The Institute of Directors in South Africa (IoDSA) and the King Committee say that, although they remain supportive of reform efforts in what is a highly contested area, some of the proposals contained in the Companies Act Amendment Bills 2023 relating to remuneration are problematic.

Both bodies agree that the proposal to have the remuneration policy tabled for approval at the AGM only every three years or when material amendments are made is constructive in that it gives shareholders a real voice. It is also in line with international leading practice.

However, they are ringing alarm bells over proposals relating to firstly the voting on the remuneration implementation report and secondly, the consequences of the report not being approved at the AGM.
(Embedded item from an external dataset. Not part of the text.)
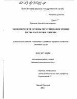 Экономические основы регулирования уровня жизни населения региона тема диссертации по экономике, полный текст автореферата

The issue here is that in terms of the proposed Bill, the Remuneration Committee (RemCo) has to present its implementation report (giving effect to the remuneration policy) for approval at every AGM. If the ordinary resolution on the implementation report is not passed by at least 50% of the votes in favour of the report, RemCo members are obliged to step down from the committee, for a period of at least three years, although they would be able to remain on as board directors.
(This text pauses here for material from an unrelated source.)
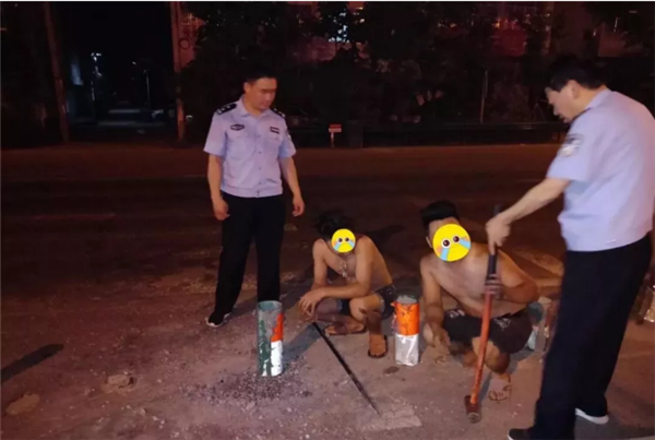 “那个人在干啥?鬼鬼祟祟的,去看看。”5月30日夜里11点多,临泉县公安局牛庄派出所民警例行巡逻中,发现一名男子正在道路中间的弯腰做着什么,身旁还放着一个装有钢瓶气罐的小推车。民警立即下车查看,一名男

Professor Parmi Natesan, CEO of the IoDSA, says that the consequences of this would be undesirable and impractical on many levels. “It would mean that those board members with specialist remuneration skills (already in short supply) would be no longer available to serve on RemCo–this at a time when boards are under pressure to reduce in size.

“The former RemCo members could suffer considerable reputational damage anyway,” she says. “One could also foresee that shareholders could hold boards hostage by threatening to vote down the implementation report if their demands are not met.”

Ansie Ramalho, chair of the King Committee, argues that a vote on the implementation report is neither constructive nor instructive. “The intention behind King IV in providing for a non-binding advisory vote on remuneration implementation was to furnish the opportunity for engagement between the board and shareholders as a constructive avenue for airing views and resolving differences.

“A binding vote makes sense for the remuneration policy because it is forward-looking, but it does not make sense when it comes to the implementation report, which is why no other jurisdiction in the world has implemented it. The implementation report is like the financial statements: it presents historical information and similarly should simply be presented to the AGM, but not voted on.

“We have no objection against consequences, but they are in the hands of shareholders who have the right to vote against the appointment of directors involved in remuneration decisions. We should also not lose sight of the fact that the numbers in the remuneration report are an outcome of the implementation of a policy supposedly previously approved by shareholders.”

Dr Ronel Nienaber, chair of the IoDSA remuneration committee forum, adds that there are important details that need to be carefully considered if this amendment is passed. For example, if the RemCo’s implementation report is not passed, would the members have to step down immediately? This would potentially mean that the new members of the RemCo would find themselves having to engage with the shareholders to understand their concerns without any insight into the rationale for the previous RemCo’s decisions.

Nienaber also asks whether there would be any other consequences beyond the RemCo members having to stand down, such as an additional action calling for a clawback of monies already paid.

Dr Mark Bussin, member of the King Committee and the IoDSA remuneration committee forum, raises the issue of South Africa’s attractiveness as a place to do business, already being compromised. “If we become the first country to introduce a binding vote on the RemCo’s implementation report, we risk being seen to be unfriendly to business and not consistent with well-established principles,” he says.